Im Rahmen des Projekts erarbeiten Fraunhofer und IG Metall verschiedene Konzepte wie das in den Köpfen der Mitarbeiter verteilte Wissen über organisationale Ebenen hinweg mit Hilfe von Wikis und Blogs aufgenommen und verteilt werden kann. Ausgehend von einer Analyse der Wissensbestände und Informationsflüsse im Unternehmen, ist es das Ziel, eine bessere Transparenz über Wissensträger und vorhandenes unternehmensrelevantes Wissen zu erhalten.

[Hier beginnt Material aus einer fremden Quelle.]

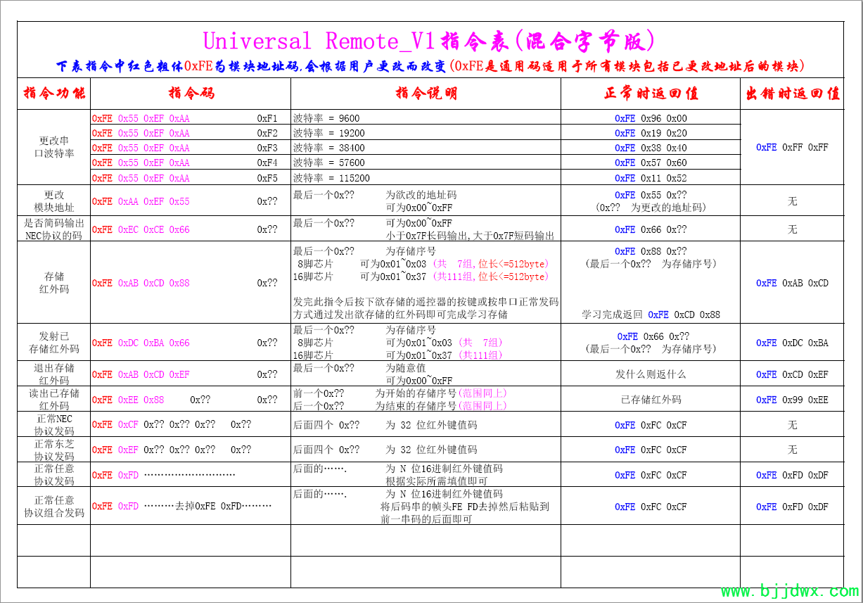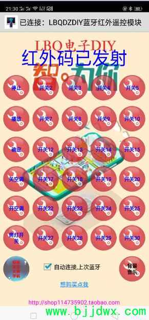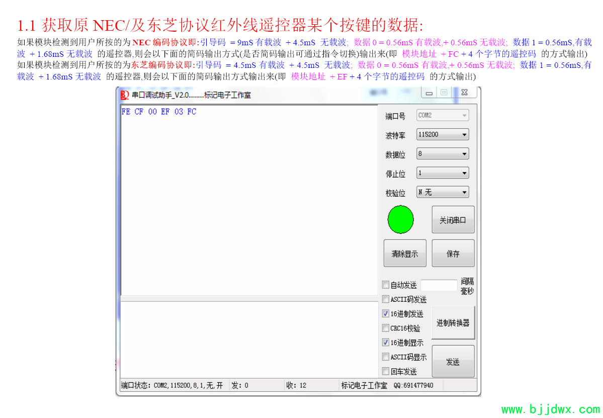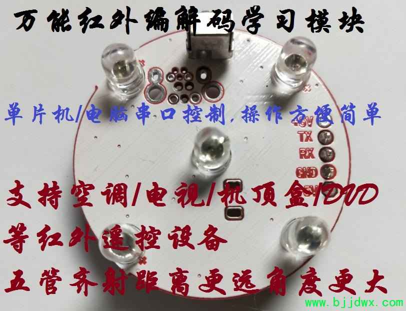 | 使用芯片为 STC8F1K08/STC8F2K08S2等兼容芯片即可,内振 11.0592Mhz 串口波特率 115200 可收1000个码位 一、功能说明 1、具备红外发射功能。 2、具备红外编码功能。 3、具备红外码存储功能。 4、具备更改通信波特率,模块地址号功能。 5、可控制红外格式设备, 格力、美的 及其他品牌空调 、电视机、电风扇等电子电器设备。 6、支持编码芯片:(典型NEC编码芯片如 uPD6121, uPD6122, 东芝TC9012 以及众多 的兼容芯 片型号,如 PT2221, PT2222, SC6121, SC6122, SC9012 、格力、美的 空调 等等) 二、应用范围 智能家居 学生电子设计 红外转无线 智能工控设备 MP3控制器 远程红外控制 红外解码设备 电子积木套件 电子设备控制 无线转红外设计 红外编码设备 智能小车遥控 三、使用方法 本模块的使用方法非常简单,只要给模块供上3.3~5伏电源,及手机安装本店提供的APK,或电脑串口助手即可按步就班操作。 使用说明及例程链接:https://pan.baidu.com/s/1m2suVmcqo57A9qTwQc2Ofw 提取码:lo1z 用安卓手机按制所有带红外遥控器的家电、设备 一个APP界面可以学习家里所有以38K红外载波编码的任意红外遥控器,再也不用看场电视要拿好几个红外遥控器了。 如:空调、电视、机顶盒、风扇、台灯..........等等,常用的按键学习在手机APP中,从而达到一机在手控制家里的所有家电的目的。 ![]() ![]() ![]() ![]() ![]() ![]() ![]() ![]() ![]() ![]() |

Die Herausforderungen bei der Umsetzung solcher Ansätze liegen in der Aktivierung der Mitarbeiter, diese Anwendungen aktiv in ihren Arbeitsalltag einzubeziehen und eigene Beiträge im Sinne des Aufbaus der kollektiven Intelligenz zu leisten. Der Schlüssel liegt in der Schaffung eines offenen Arbeitsumfelds und einer Arbeitskultur, in dem der Austausch der Mitarbeiter mittels der neuen Werkzeuge befördert wird. Das Fraunhofer IAO übernimmt im Rahmen des Projekt die Analyse der IST-Situation, die Konzeption der Social Media-Anwendungen für das Wissensmanagement, die Begleitung und Moderation der Einführung sowie die Evaluierung der Wirksamkeit der Maßnahmen.